How Does an IRA with Bitcoin Work?

Depending on who you use to set up your account, the way your self-directed IRA works may be slightly different. Most of the time, a custodian takes care of self-directed IRAs. The custodian holds your investments and makes sure that your self-directed IRA follows IRS rules.

You will also need a way to buy cryptocurrency. Some custodians have their own ways of buying cryptocurrency or working with other companies. Some people may let you use any exchange you want.

The last thing you need is a safe way to store your bitcoin. A wallet is what you use to store your cryptocurrency. There are hot wallets connected to the internet, and cold storage wallets, which are not connected to the internet. You can use a secure storage option from many custodians since any cryptocurrency you buy for your self-directed IRA must be held by the IRA and not by you.

Sometimes, the same company is in charge of all three of these parts. In other cases, you might need to use services from more than one company to invest in bitcoin through an IRA.

Types of IRAs

People who want to open their own IRA accounts can choose between two types: Roth IRAs and traditional IRAs.

To put money into either type of IRA, you or your spouse must have a job. For 2021 and 2022, the most you can put in is $6,000. If you’re 50 or older, you can put in $7,000. This is the same for traditional and Roth IRAs and self-directed versions.

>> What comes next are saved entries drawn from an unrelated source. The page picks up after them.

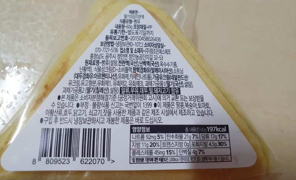 총내용량은 60g에 197kcal 가격은 2000원입니다.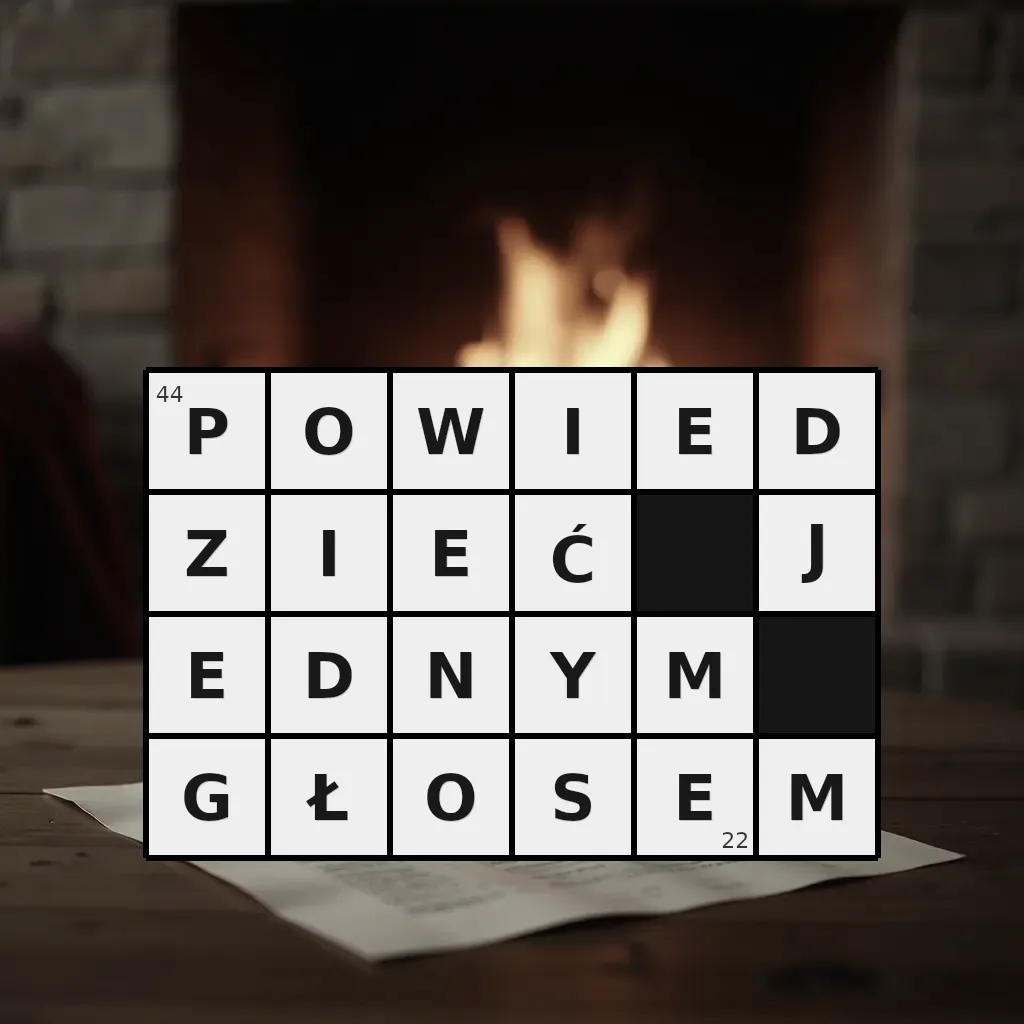 Słowo „powiedzieć jednym głosem” ma 22 znaki (bez spacji i łączników).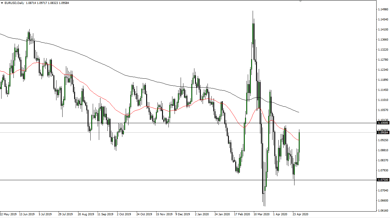 The Euro rallied significantly during the trading session on Thursday, reaching towards the 1.10 level as Christine Largarde did not give the markets the monetary methadone that they desperately needed during the press conference after the interest rate decision. While they did make borrowing for European banks realize negative rates, the reality is that it was not enough to impress the market. In fact, the Euro took off to the upside after that due to the fact that the Federal Reserve seems to be much more proactive when it comes to liquefy the markets, thereby putting serious pressure on the US dollar.

With a traditional IRA, you could get a tax break for the money you put into the account. The money in the account grows without being taxed. But you might have to pay ordinary income tax on distributions, and if you take money out too soon, you might have to pay taxes and fees.

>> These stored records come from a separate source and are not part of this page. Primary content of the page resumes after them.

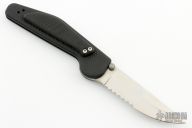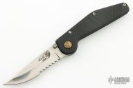 This Auto from GT Knives features a satin partially serrated blade. The handle is machined black anodized aluminum, tip down or up reversible clip. Has a couple scuffs, otherwise excellent condition.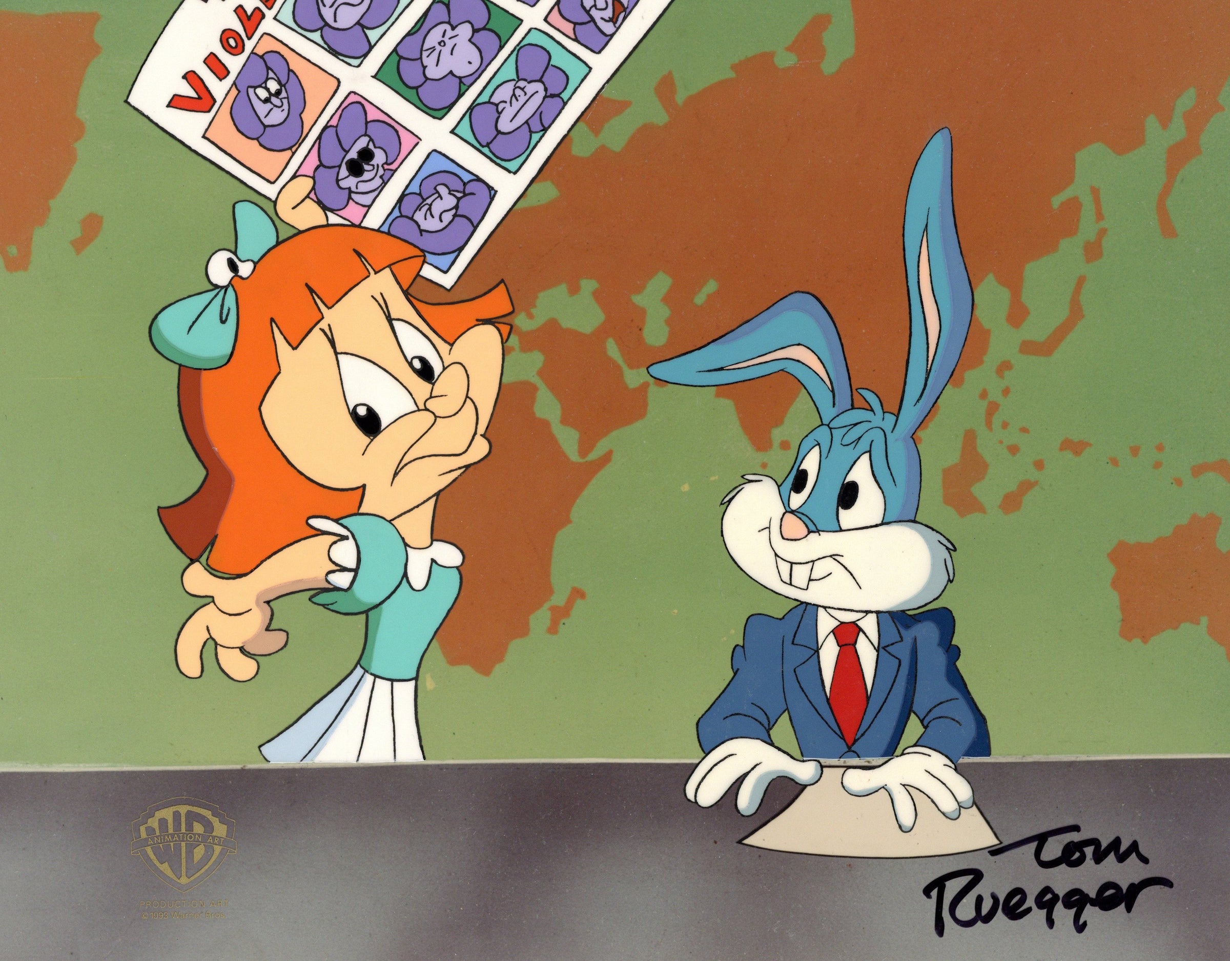 ABOUT THE IMAGE: Steven Spielberg Presents Tiny Toons, usually referred to as Tiny Toon Adventures, an American animated television series created by Tom Ruegger and produced by Amblin Entertainment and Warner Bros. Animation. In this series, a new generation of characters study at Acme Acres Looniversity under the instruction of the classic Looney Tunes characters. The leading characters are Buster and Babs Bunny (no relation) who, with their classmates, have a variety of adventures that are a mix of original stories, film and TV parodies and modern remakes of classic WB shorts. This piece comes with a certificate of authenticity.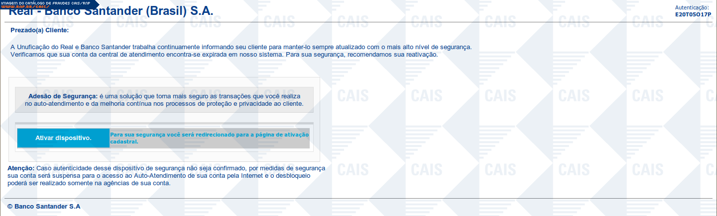 | comentário | Comunicado em nome do banco Real informando que, após a unificação com o Banco Santander, foi verificado que o dispositivo de segurança da vítima está desativado. A fraude alicia a vítima a realizar uma suposta adesão de segurança através de um link contido... (leia mais) | |
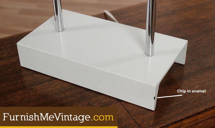 Both lamp heads working. Clean chrome. One paint chip on base (see photos)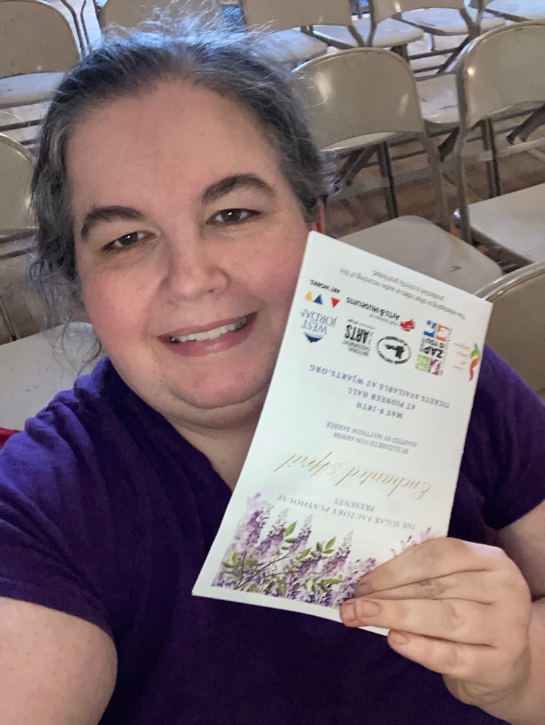The seats are pretty hard but they have cushions you can rent for only $1. Enchanted April plays at Pioneer Hall in West Jordan until May 18th and you can purchase tickets here.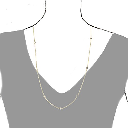Genuine 925 Sterling Silver Gold Tone Cubic Zirconia Cz By the Yard Chain Necklace
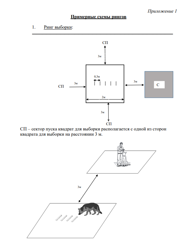 5.2.2.2. Проводник с собакой подходит к судье и останавливается примерно в 2 метрах от него, отстегивает поводок, убирает его в карман или пристегивает вокруг корпуса, представляется и докладывает о готовности к испытаниям.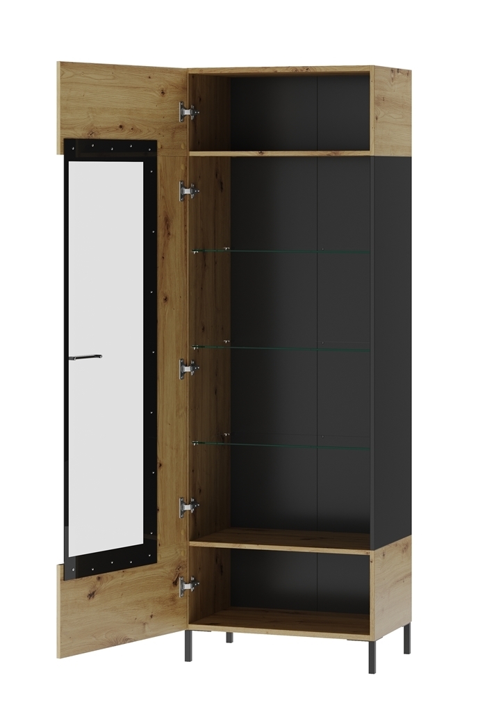 Táto moderná a kvalitná 1-dverová policová vitrína zo sektorového systému Lucas je vhodná do obývacích izieb. Vitrína Vám prinesie potešenie do Vášho domova vďaka množstvu úložného priestoru a dokonalej kombinácií dubu artisan a čierneho matu. Sektor LUCAS sa skladá z 12 samostatných prvkov, ktoré nájdete nižšie.

Depending on your income and how you file your taxes, you may not be able to deduct all of your contributions to a traditional IRA.

Roth IRAs don’t give you a tax break right away. The earnings grow tax-free, just like in a traditional IRA. Most of the time, you don’t have to pay taxes or penalties on qualified withdrawals from a Roth IRA after age 59 1/2 if you’ve had it for at least five years. You might also have to pay taxes and fees if you take money out of these accounts too soon.

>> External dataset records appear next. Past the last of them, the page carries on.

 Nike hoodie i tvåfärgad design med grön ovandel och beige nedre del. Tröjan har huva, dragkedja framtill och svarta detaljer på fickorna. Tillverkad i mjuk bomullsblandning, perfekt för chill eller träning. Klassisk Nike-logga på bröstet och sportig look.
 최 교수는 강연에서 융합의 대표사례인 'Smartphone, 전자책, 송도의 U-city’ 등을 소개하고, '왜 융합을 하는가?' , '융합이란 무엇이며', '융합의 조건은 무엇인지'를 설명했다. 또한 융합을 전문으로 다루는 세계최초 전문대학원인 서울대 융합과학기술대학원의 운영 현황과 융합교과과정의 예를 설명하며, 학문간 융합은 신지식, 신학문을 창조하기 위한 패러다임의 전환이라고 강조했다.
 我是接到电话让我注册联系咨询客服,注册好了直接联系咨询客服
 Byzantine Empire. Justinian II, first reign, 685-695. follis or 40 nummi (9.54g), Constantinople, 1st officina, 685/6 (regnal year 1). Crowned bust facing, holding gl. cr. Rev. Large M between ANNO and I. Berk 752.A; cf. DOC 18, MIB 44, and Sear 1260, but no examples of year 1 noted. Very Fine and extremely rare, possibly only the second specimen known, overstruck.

Depending on your situation, the amount you can put into a Roth IRA may be lowered. These can be affected by the retirement accounts you or your spouse have and your adjusted gross income, and how you file your taxes.

Your tax situation and plans for the future will help you decide which type of IRA to use for a self-directed bitcoin or another crypto IRA. Some people may prefer a traditional IRA because they think they will pay less tax when they retire. People who think they will make a lot of money and pay a lot more in taxes in the future may want to learn how to buy bitcoin in a Roth IRA.

Pros of Bitcoin IRAs

Buying bitcoin with an IRA can help you in the following ways:

  • Tax-free gains from bitcoin with a Roth IRA: Since money is added to Roth IRAs after taxes, any gains on bitcoin in the account won’t be taxed as long as the money is taken out according to the rules age 59 and a half. This lets cryptocurrency grow without paying taxes on it, and it’s also a way to avoid paying taxes on capital gains.
  • Diversify your retirement portfolio: Traditional assets like stocks, bonds, ETFs, and mutual funds are often found in retirement portfolios. Using a self-directed IRA to buy bitcoin can add more variety to your portfolio than just these traditional assets.
  • Security: Because Bitcoin is based on blockchain technology, it is less likely that your retirement funds will be stolen (but not impossible).


If you’re willing to set up a self-directed IRA, you can put your IRA money into bitcoin. You may have to pay more for these IRA accounts and make a bigger initial investment, but you can invest in some cryptocurrencies. If you don’t know if a self-directed IRA is right for you, you might want to talk to a trusted financial advisor.

If you decide that using a self-directed IRA to invest in bitcoin isn’t the best choice for you, you can still do other things. You can learn how to buy cryptocurrency in a regular account if you’re ready for the tax consequences when you sell your assets. You can also start putting money into a traditional IRA with more traditional assets, like an ETF.